Но его никто не слушая. Молодые ханы повскакали с мест. Неистовый Бельдуз и Ехир Тугорканич уже кричали что-то счастливое, выхватив сабли. Нукеры, ввалившись в дом, схватили послов, заломили им руки, поставили на колени, обдирая дорогие одежды и оружие. У Захара Гостятича срывали с пальцев перстни, Лавр Давыдович едва не плакал, когда его раздели до исподнего. Его, как торка, ставшего урусским боярином, ждала самая страшная участь.
Ханы выскочили вон, снаружи послышались гортанные крики, ржание и топот коней. Тугоркан хлопнул в ладоши - неслышно вошла рабыня, русская женщина. Стараясь не смотреть на плененных послов, подала хану еще айрана, мышью выскользнула вон.
Допив айран, Тугоркан легко, несмотря на могучее телосложение, вскочил и покинул дом. Нукеры тоже потащили послов прочь, бросив их в старый хлев связанными.
Торческ вздрогнул, когда в распахнутые ворота с криками восторга и ярости ворвались половцы. Зная, что город сдан, они все равно бесчинствовали на улицах - врывались в дома, хватали жителей и выволакивали их вон, толпами выгоняя прочь из города. Некоторые сопротивлялись. Мужчины, защищая жен, детей и матерей, пробовали обороняться - таких секли на месте. Но прочих не убивали и не вязали - просто выгоняли из города.

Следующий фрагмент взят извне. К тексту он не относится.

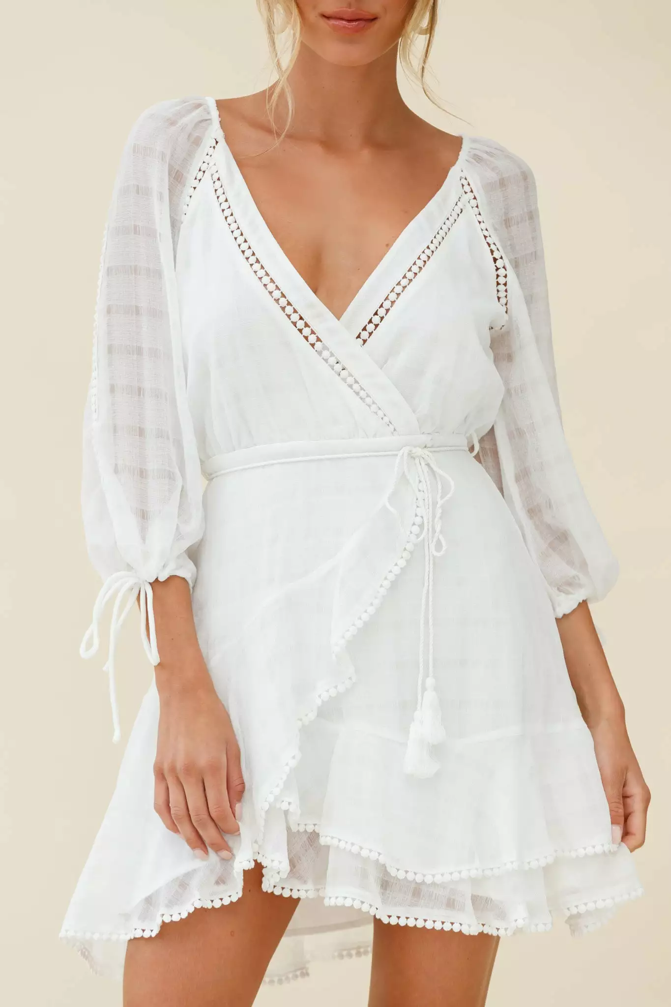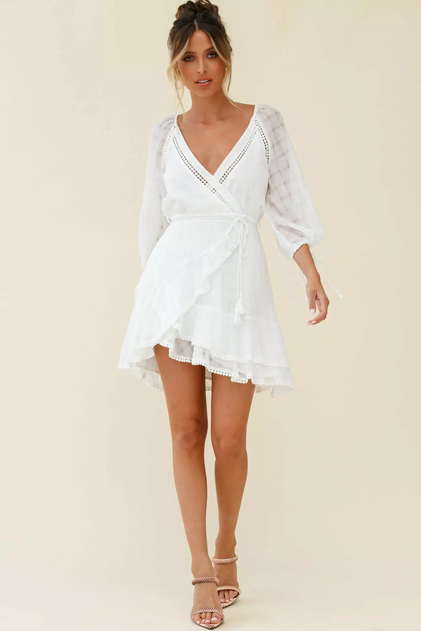 Channel your inner country girl in our super sweet Wilde dress. We are loving its sheer balloon sleeves and crochet trim details. Perfect for a bridal shower or special birthday occasion teamed with tan mules and a tousled updo.

Холопы Захара Гостятича схватились за оружие, когда в ворота стали колотить выломанным где-то бревном. Вместе с ними встали оставшиеся сыновья тиуна - Петро, Нечай и Кузьма. Хворый Турила, Ждана, их мать и невестки, жены исчезнувшего Ратибора и умершего от ран Никифора с холопками спешили спрятаться - в доме был большой подпол, где обычно хранили зерно. Туда и торопились укрыться, но не успели - на дворе страшно затрещали ворота и послышался крик и гомон. Глухо, вразнобой, застучали мечи и сабли о щиты, иногда со звоном встречаясь друг с другом.
[23] Нукер - ханский дружинник.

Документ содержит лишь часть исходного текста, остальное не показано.